The Crédit Foncier de l'Indochine was created in 1923, with a capital of 6,000,000 francs. Its main sponsor was financier Octave Homberg through his Société Financière Française et Coloniale (SFFC), with support from the Banque de l'Indochine and the Brussels-based Crédit Foncier d'Extrême-Orient. Former colonial governor Ernest Roume became its chairman (président), and Homberg the deputy chairman. It was the first mortgage bank established in French Indochina, and became the preferred intermediary of the Banque de l'Indochine for construction and real estate in the territory. It soon opened agencies in Hanoi and Saigon, as well as a sub-agency in Haiphong, and later in the 1920s, in Phnom Penh.

In 1928, the CFI participated in the creation of the Crédit Foncier de l'Ouest Africain (CFOA) which was also initially led by Roume.
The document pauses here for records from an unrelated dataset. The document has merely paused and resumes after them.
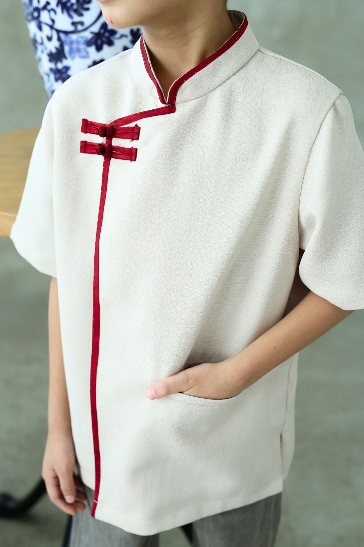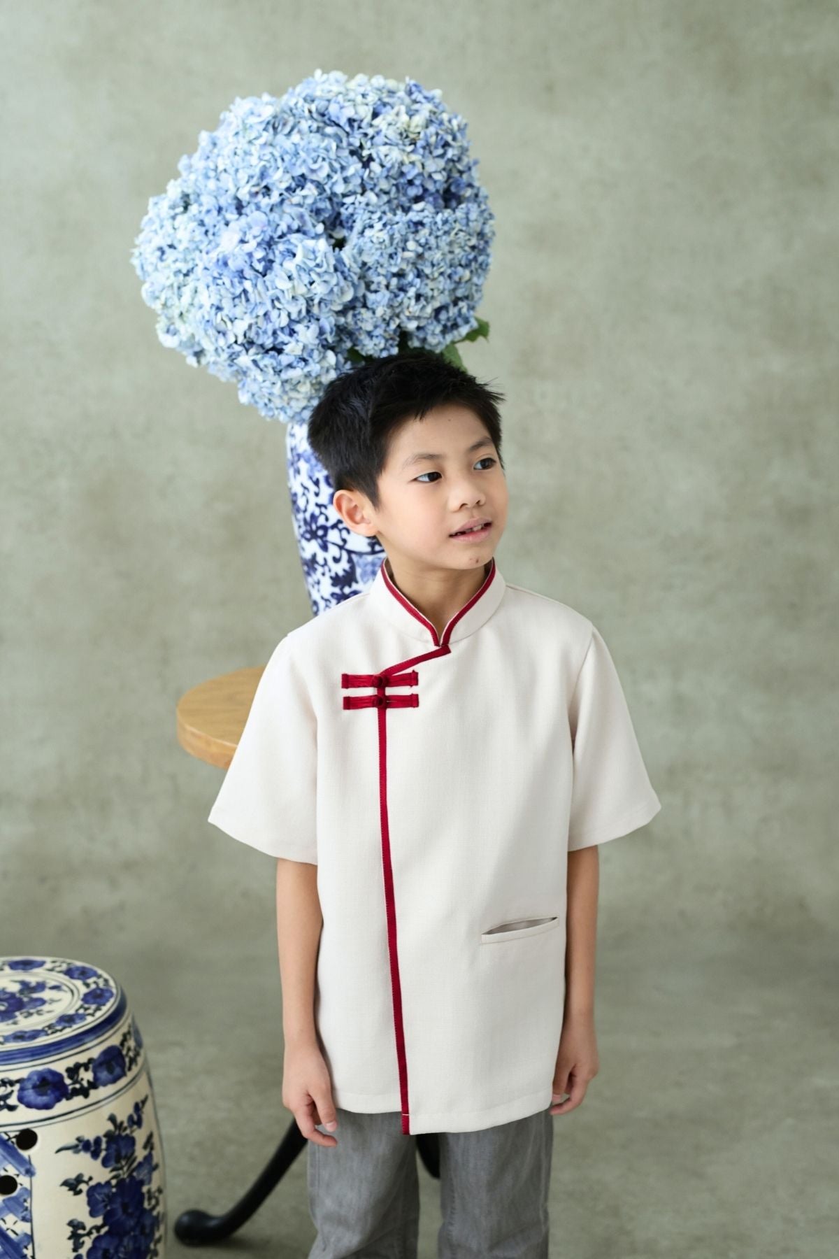 Crafted from premium fabric with a subtle sheen, the Yuan Boy top features refined traditional accents — from its mandarin collar to the minimalist knot detailing — all thoughtfully redesigned for today’s modern celebrations. Lightweight, comfortable, and effortlessly stylish, it pairs perfectly with both formal pants or casual bottoms.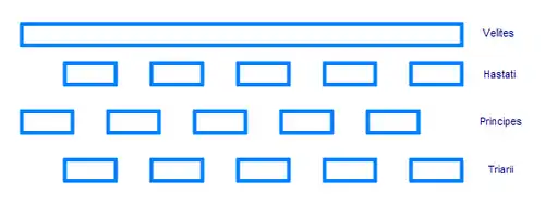 L'infanterie romaine se déployait face à l'ennemi et à l'époque de la République, elle se déployait en trois lignes dans une formation appelée « triplex acies », chacune d'entre elles avait généralement huit rangs en profondeur. Les hastati formaient la première ligne (la plus proche de l'ennemi), les principes tenaient la deuxième ligne et les vétérans triarii occupaient la troisième ligne. Ceux-ci empêchaient la panique ou une retraite non autorisée des premiers rangs et étaient parfois utilisés comme réserve dans la bataille. En cas de défaite imminente, les première et deuxième lignes se reformaient derrière la ligne des triarii en vue d'une contre-attaque ou d'une retraite ordonnée. Comme recourir aux triarri n'arrivait que dans les cas extrêmes, l'expression latine ad triarios rediisse (tomber sur les triarii) signifiait une situation désespérée[1].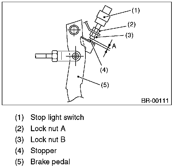 Loosen the lock nut, and adjust the stop light switch position until the clearance (A) between the threaded end of the stop light switch and stopper becomes 0.3 mm (0.012 in). Then, tighten the lock nut.

That same year, it established a branch in Bangkok, which was eventually liquidated in 1935, and established a subsidiary, the Union Immobilière Indochinoise, which it absorbed back in 1937. In late 1929, it completed a major building at 89 boulevard Francis-Garnier (later Phố Đinh Tiên Hoàng) in Hanoi, which hosted retail outlets as well as its own offices and those of the SFFC. In 1936, it moved its Parisian head office to a new building at 9, rue Louis-Murat.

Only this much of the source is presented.